EXERCISE BRIEF:
Copy the records below exactly, starting at the line that contains "Volcanic eruption displays" and ending at the line that contains "green leaves with"; leave out any pictures.

[Source records]
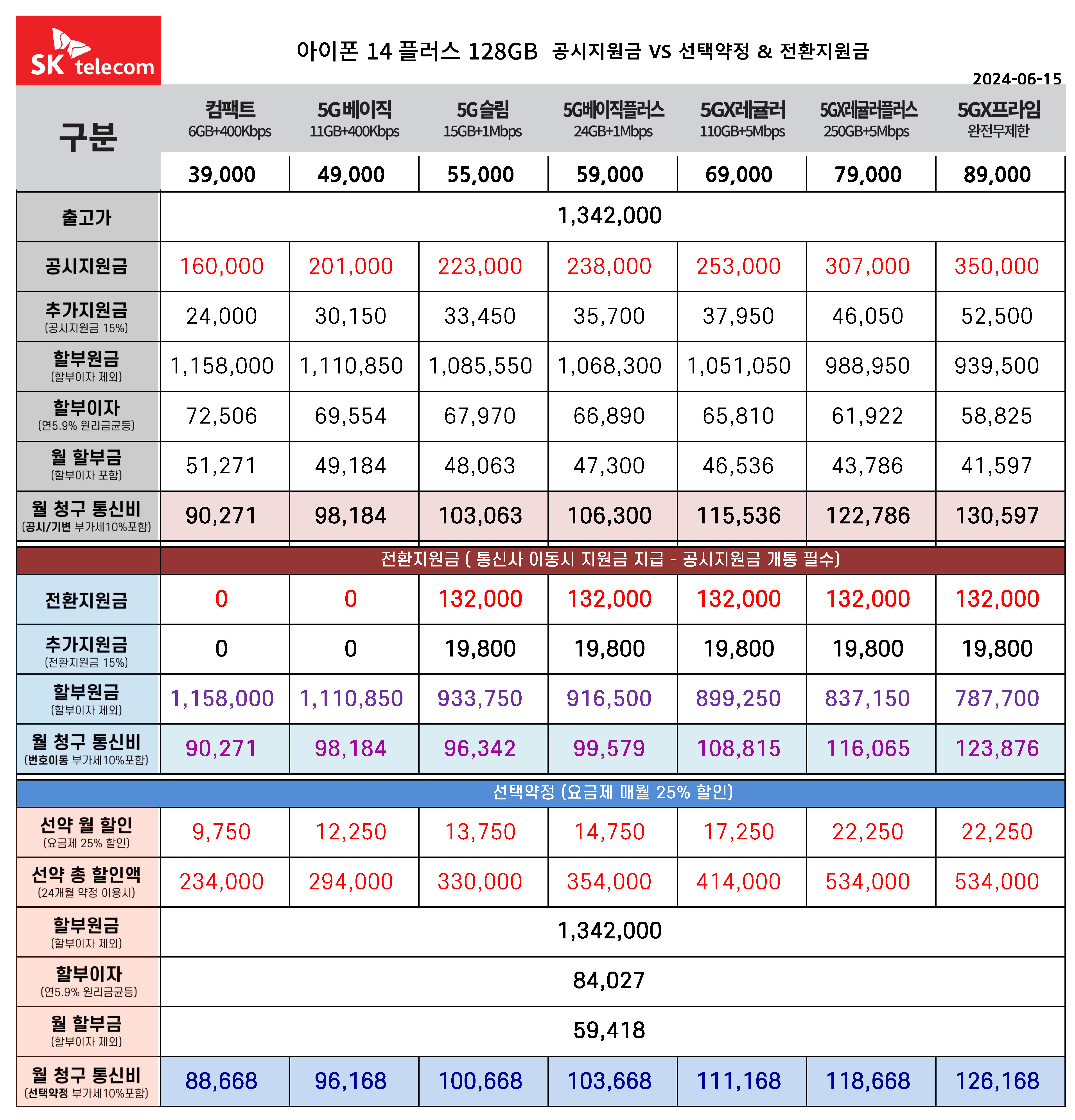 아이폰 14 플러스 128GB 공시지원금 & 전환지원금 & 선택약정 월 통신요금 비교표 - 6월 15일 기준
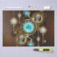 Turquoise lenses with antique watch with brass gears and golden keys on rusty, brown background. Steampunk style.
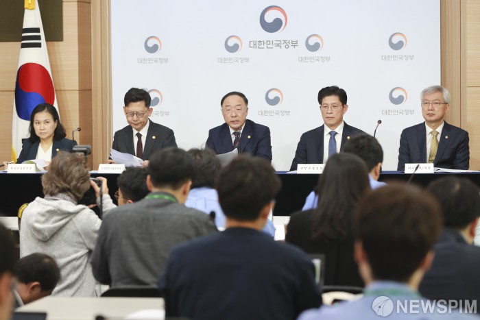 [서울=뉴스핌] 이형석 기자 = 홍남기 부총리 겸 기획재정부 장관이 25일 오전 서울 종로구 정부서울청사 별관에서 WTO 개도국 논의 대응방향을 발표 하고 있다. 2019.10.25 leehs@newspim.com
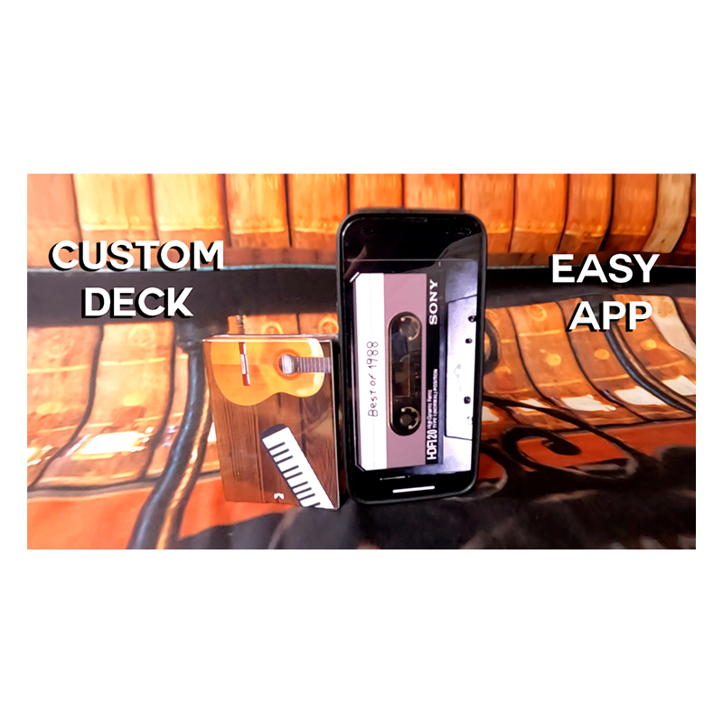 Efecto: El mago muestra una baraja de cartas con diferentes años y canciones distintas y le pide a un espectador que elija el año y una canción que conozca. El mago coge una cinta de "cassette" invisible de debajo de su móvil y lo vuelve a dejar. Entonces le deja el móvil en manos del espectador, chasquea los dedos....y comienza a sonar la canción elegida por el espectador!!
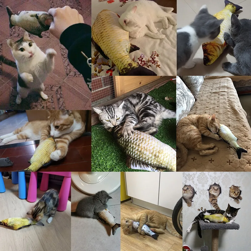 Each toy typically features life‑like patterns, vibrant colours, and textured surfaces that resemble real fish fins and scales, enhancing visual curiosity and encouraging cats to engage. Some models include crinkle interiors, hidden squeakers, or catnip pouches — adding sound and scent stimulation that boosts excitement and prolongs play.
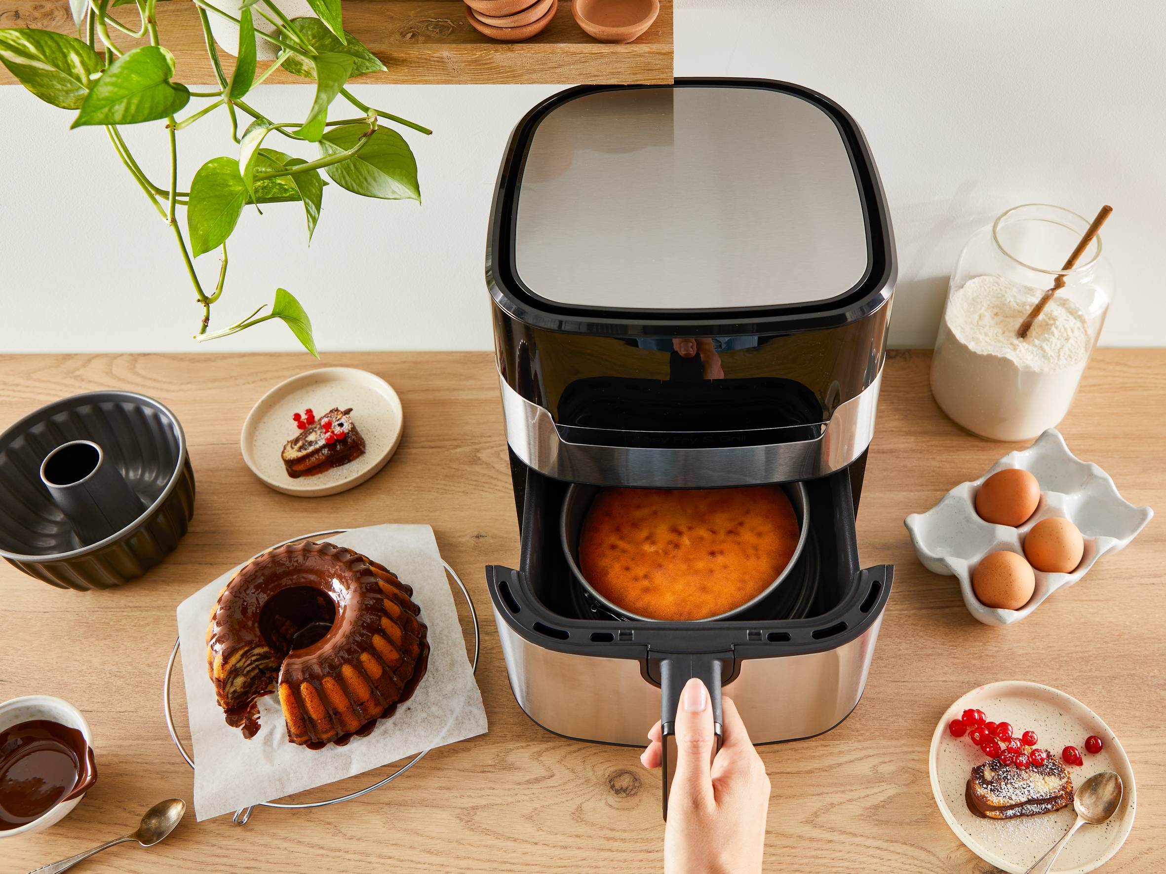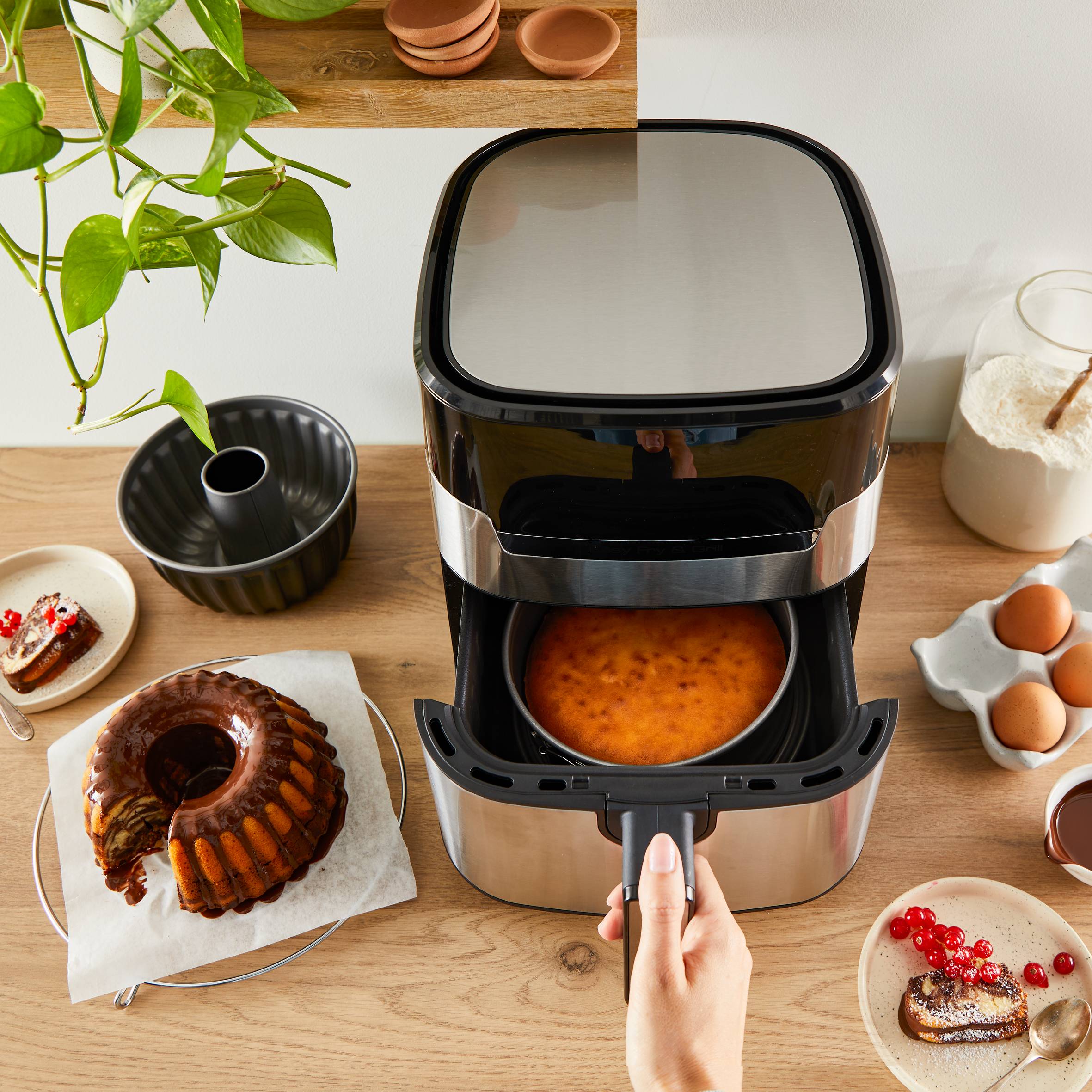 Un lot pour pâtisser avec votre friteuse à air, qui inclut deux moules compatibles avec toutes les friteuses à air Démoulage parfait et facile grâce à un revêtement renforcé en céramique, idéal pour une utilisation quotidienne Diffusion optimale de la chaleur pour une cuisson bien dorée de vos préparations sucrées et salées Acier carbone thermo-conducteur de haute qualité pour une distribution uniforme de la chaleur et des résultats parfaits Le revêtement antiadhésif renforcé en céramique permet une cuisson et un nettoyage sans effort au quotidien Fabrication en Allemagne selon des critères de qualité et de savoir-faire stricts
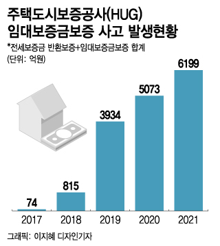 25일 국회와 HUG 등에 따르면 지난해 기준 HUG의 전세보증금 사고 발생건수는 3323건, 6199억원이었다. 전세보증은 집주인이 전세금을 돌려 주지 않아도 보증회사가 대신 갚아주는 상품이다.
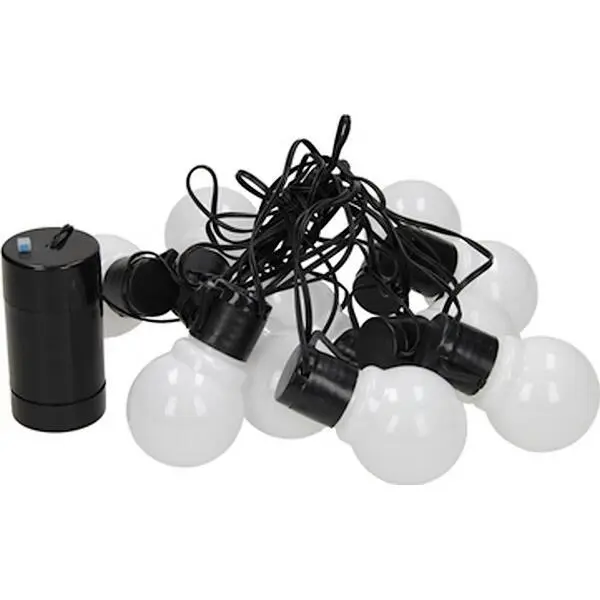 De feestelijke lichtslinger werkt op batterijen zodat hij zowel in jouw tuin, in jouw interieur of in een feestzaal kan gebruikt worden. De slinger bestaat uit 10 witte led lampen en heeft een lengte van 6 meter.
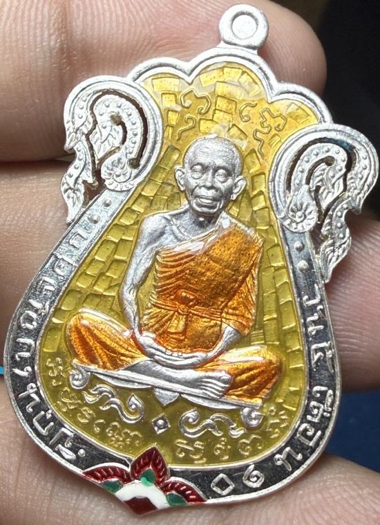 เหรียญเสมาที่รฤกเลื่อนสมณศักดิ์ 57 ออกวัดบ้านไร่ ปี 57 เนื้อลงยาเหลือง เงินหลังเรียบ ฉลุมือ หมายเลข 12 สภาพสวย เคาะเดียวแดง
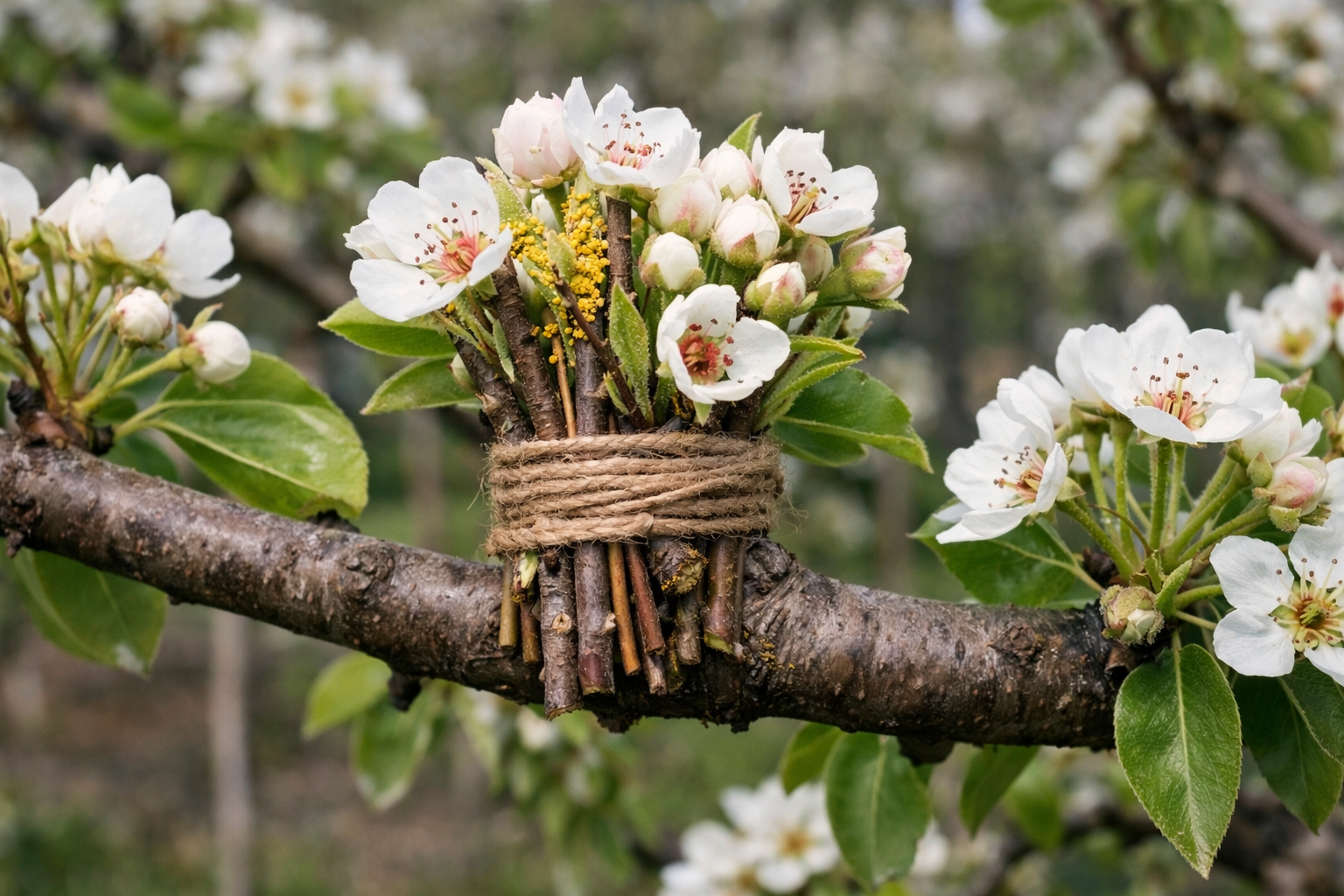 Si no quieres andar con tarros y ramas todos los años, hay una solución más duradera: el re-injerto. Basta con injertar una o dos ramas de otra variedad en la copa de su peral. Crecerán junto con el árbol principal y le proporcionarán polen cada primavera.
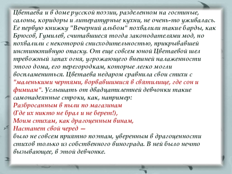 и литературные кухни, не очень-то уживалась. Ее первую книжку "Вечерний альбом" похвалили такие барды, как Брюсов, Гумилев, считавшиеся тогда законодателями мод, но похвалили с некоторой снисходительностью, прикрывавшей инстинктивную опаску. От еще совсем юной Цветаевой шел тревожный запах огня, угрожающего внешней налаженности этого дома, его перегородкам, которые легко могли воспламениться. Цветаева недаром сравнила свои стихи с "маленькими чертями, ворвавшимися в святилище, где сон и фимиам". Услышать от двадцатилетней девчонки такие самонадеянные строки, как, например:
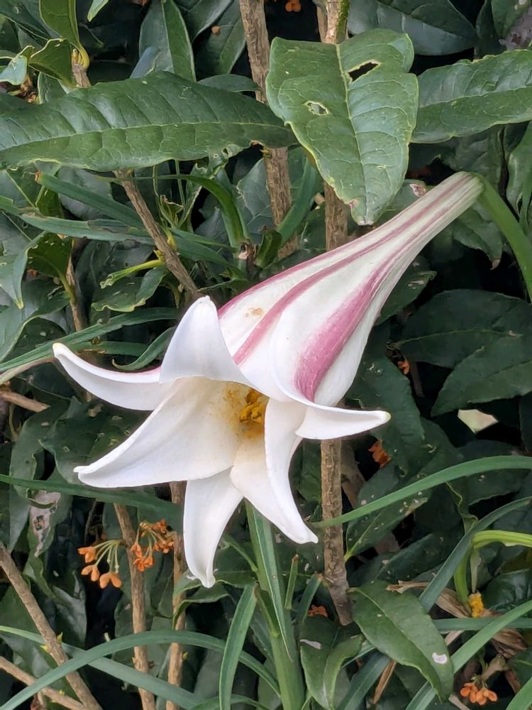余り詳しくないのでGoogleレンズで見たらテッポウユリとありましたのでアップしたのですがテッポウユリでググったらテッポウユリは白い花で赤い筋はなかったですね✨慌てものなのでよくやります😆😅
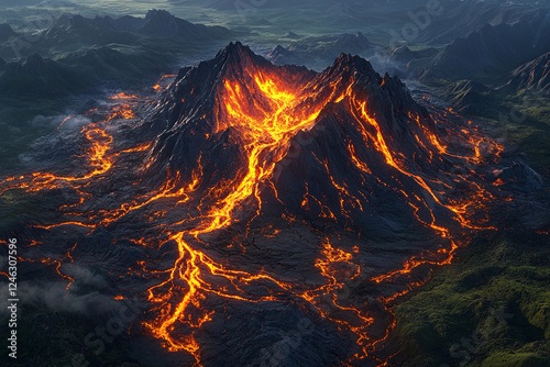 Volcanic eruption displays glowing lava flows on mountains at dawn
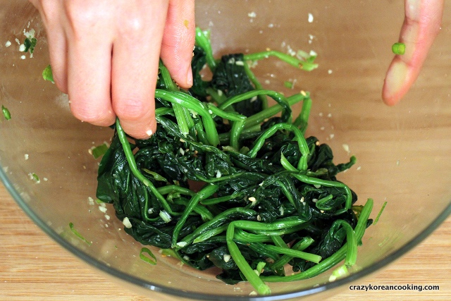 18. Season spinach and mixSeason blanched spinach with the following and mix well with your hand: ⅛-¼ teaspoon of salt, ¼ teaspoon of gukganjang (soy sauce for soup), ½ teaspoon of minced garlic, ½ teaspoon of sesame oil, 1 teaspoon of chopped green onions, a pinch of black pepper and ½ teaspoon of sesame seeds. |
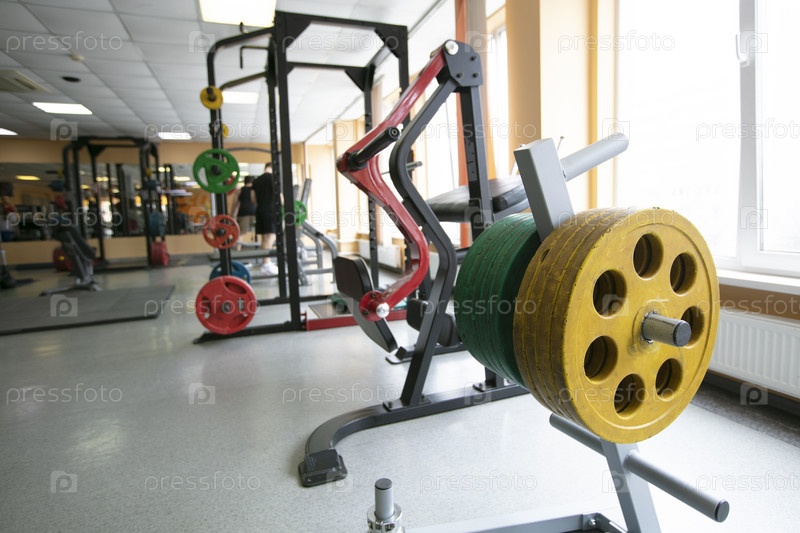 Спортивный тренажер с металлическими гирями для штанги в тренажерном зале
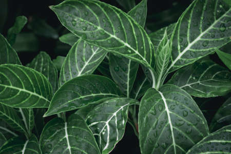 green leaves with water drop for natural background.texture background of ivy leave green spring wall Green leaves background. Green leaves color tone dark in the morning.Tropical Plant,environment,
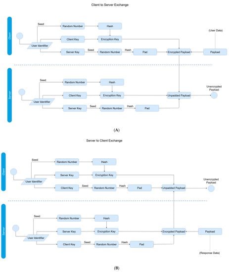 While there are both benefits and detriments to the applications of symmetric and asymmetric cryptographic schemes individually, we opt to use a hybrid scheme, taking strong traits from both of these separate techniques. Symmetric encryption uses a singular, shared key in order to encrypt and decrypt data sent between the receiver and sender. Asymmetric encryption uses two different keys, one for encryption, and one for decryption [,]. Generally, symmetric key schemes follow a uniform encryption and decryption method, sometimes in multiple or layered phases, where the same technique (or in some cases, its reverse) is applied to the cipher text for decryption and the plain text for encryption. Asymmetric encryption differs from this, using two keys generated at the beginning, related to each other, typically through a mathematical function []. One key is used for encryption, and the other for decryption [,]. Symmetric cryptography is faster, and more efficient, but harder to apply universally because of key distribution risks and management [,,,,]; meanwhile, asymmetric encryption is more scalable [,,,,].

TASK OUTPUT:
 Volcanic eruption displays glowing lava flows on mountains at dawn
 18. Season spinach and mixSeason blanched spinach with the following and mix well with your hand: ⅛-¼ teaspoon of salt, ¼ teaspoon of gukganjang (soy sauce for soup), ½ teaspoon of minced garlic, ½ teaspoon of sesame oil, 1 teaspoon of chopped green onions, a pinch of black pepper and ½ teaspoon of sesame seeds. |
 Спортивный тренажер с металлическими гирями для штанги в тренажерном зале
 green leaves with water drop for natural background.texture background of ivy leave green spring wall Green leaves background. Green leaves color tone dark in the morning.Tropical Plant,environment,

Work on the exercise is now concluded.